Im planning on taking them to get weighed at the vets but just wanted to know if there is anyway I can tell if they are underweight and if they are how can I healthily fatten them up a bit?


----------



## frags (Feb 5, 2009)

Winter is always hard on rabbits and they eat more than normal during the colder months.
just give them a little more food and this should help them.


----------



## Kammie (Apr 4, 2009)

As a general rule with most animals you should be able to feel the spine eaily but not see it through the coat and with slight pressure you should be able to feel the ribs but you should never be able to see the ribs. If you can't feel the ribs don't worry too much but if you can't feel the spine they're likely to be over weight. With rabbits as well they start growing the dewlap (double chin) when they start getting too fat. If they are underweight you'll be able to see the spine and easily feel the ribs, if severely underweight you'll see and feel every bone where the body starts eating away at muscle to keep the animal alive.
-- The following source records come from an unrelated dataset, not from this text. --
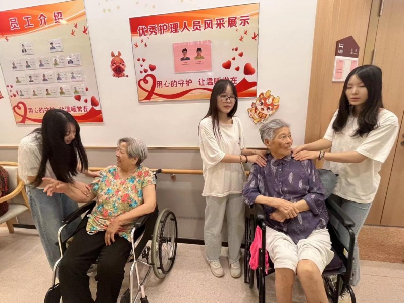 实践团成员到济南颐养中心后,负责人立即与颐养中心的负责人进行对接。随后实践团成员在负责人的安排下开展了关爱老人的实践工作,活动分成多个部分:为老人按摩,陪伴老人聊天,为老人挪移桌椅、表演歌舞等。活动期间,实践团成员为老人们提供按摩服务,对老人们进行一定的康复护理。老人们在按摩中放松身心,感受到关怀和温暖。
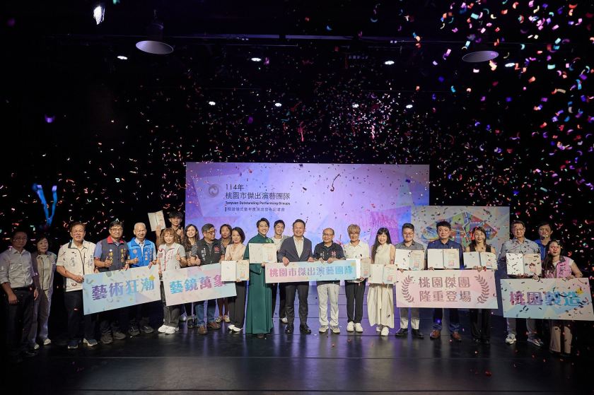 文化局表示,為推動在地演藝團隊蓬勃發展,自民國84年起持續辦理傑出演藝團隊徵選及獎勵計畫,蟬聯113-114兩年文化部特優評鑑肯定。歷經專家學者評選今年共有12個團隊脫穎而出:音樂類涵蓋狂美交響管樂團、金喇叭銅管樂團、風動室內樂團、風雅頌古箏樂團;戲劇類包含何日君再來劇團、沐寧相聲說演坊、犀牛劇團、慢島劇團;舞蹈類有君舞蹈劇場、敦青舞蹈團;傳統戲曲類則由桃興閣掌中劇團、景勝戲劇團等。今(7/16)於米倉劇場舉辦本市傑團授證典禮暨聯合宣傳發布記者會,以「藝鏡萬象 耀眼綻放」為主題,象徵桃園藝文團隊如萬花筒般多元燦爛、表演藝術如鏡面折射般繽紛耀眼,攜手共築一座流動而充滿生命力的城市藝場,期待市民共賞桃園藝文盛事。
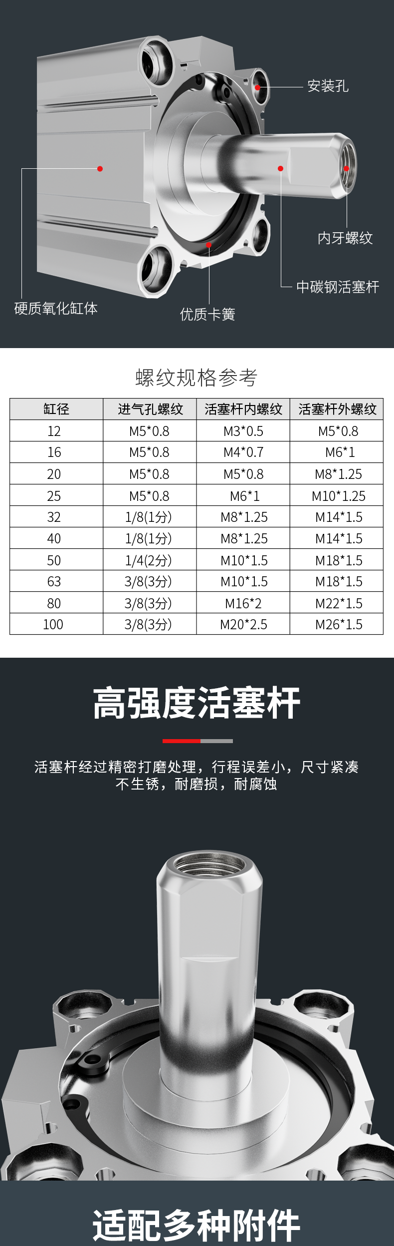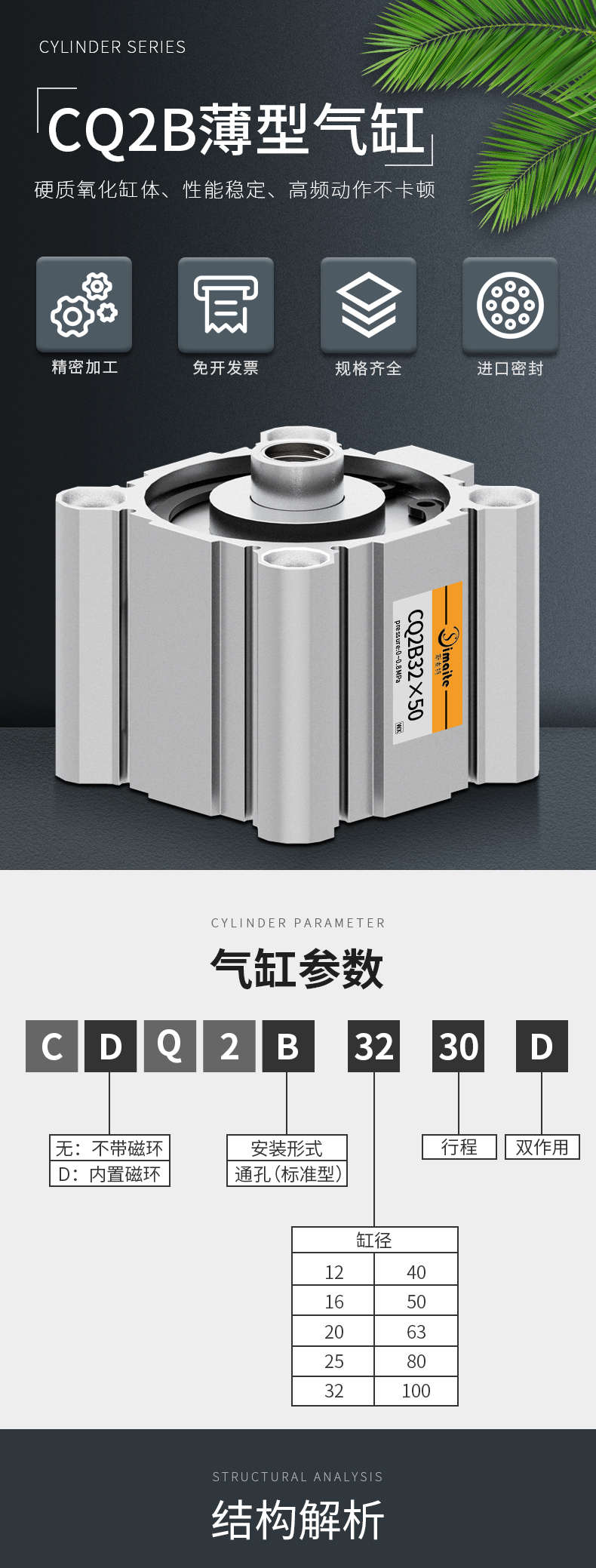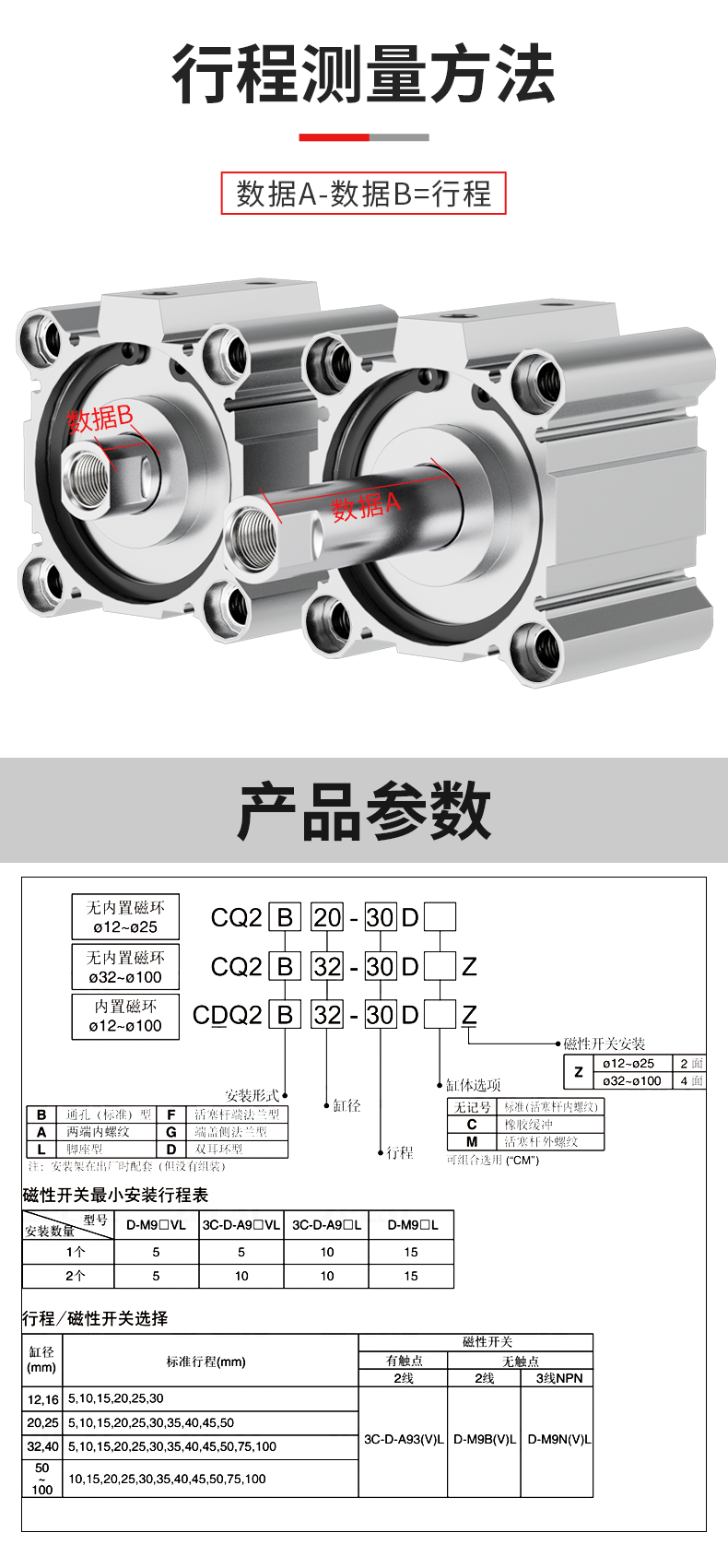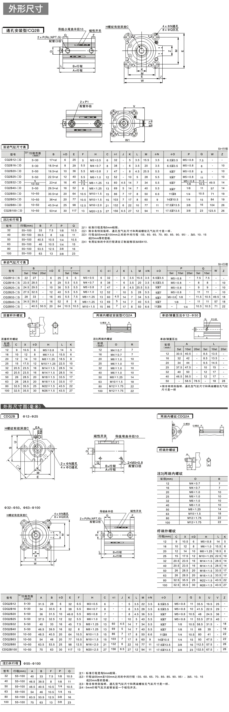 标准行程 | 25 50 75 80 100 125 150 150 160 175 200 250 300 350 400 450 500 600 700 800 900 1000mm | ||

Generally it should be comfortable to stroke along their back slightly feeling the raised spine but if all you can feel is boney spine they need to eat more or to see a vet if they are eating.


----------



## umber (Feb 15, 2009)

Thanks Guys will give them a good check over later when I get home! I dont think hey are very boney but just seem a little less meaty than before!


----------



## Lumpy (Jun 5, 2008)

I was worried mine were overweight but when they went for their myxi jabs recently the vet said he could feel their ribs easily and that they were fine, just chunky bunnies. It was a relief as I didn't fancy putting them on a diet. Mine do seem to be eating more now it is colder - the cats do too.


----------



## emzybabe (Jun 30, 2009)

I have noticed that my rabbits are eating twice as much hay at the mo, I'm having to re fill the hay racks morning and night. I have seen a really good poster showing rabbit weight guidelines, but cant find one online anywhere. My vet showed me that if you can grab a role/layer of fat on the side of their neck then it shouldnt be there, hence putting Miffy on a pellet diet


----------



## spudsmummy (May 1, 2009)

Hmm i am starting to wonder if i am feeding Buzz enough now 
i can easly feel his spine and ALL ribs, i can feel them when i am just stroking him and not trying to fell them iykwim 

Paula


----------



## crofty (May 2, 2008)

Give them some porridge 

You can feel all my buns ribs but they dont stick out and they have a good amount of muscle. Tinks dewlap is smaller then when i got her she just didnt get any exercise. Saffy never had a dewlap its just important to keep a eye on their weight. Teddy you can feel every bone, but he looks ok because he has such a thick coat. 

My vet weighs them when they have their jabs, when i took my four in all where exactly the same weight as 6 months previous she said they were perfect  you just need to judge how much food they need with exercise and weather. Obviously always endless supply of hay whatever. Like i said i feed mine porridge through the winter.


----------



## umber (Feb 15, 2009)

crofty said:


> Give them some porridge
> 
> You can feel all my buns ribs but they dont stick out and they have a good amount of muscle. Tinks dewlap is smaller then when i got her she just didnt get any exercise. Saffy never had a dewlap its just important to keep a eye on their weight. Teddy you can feel every bone, but he looks ok because he has such a thick coat.
> 
> My vet weighs them when they have their jabs, when i took my four in all where exactly the same weight as 6 months previous she said they were perfect  you just need to judge how much food they need with exercise and weather. Obviously always endless supply of hay whatever. Like i said i feed mine porridge through the winter.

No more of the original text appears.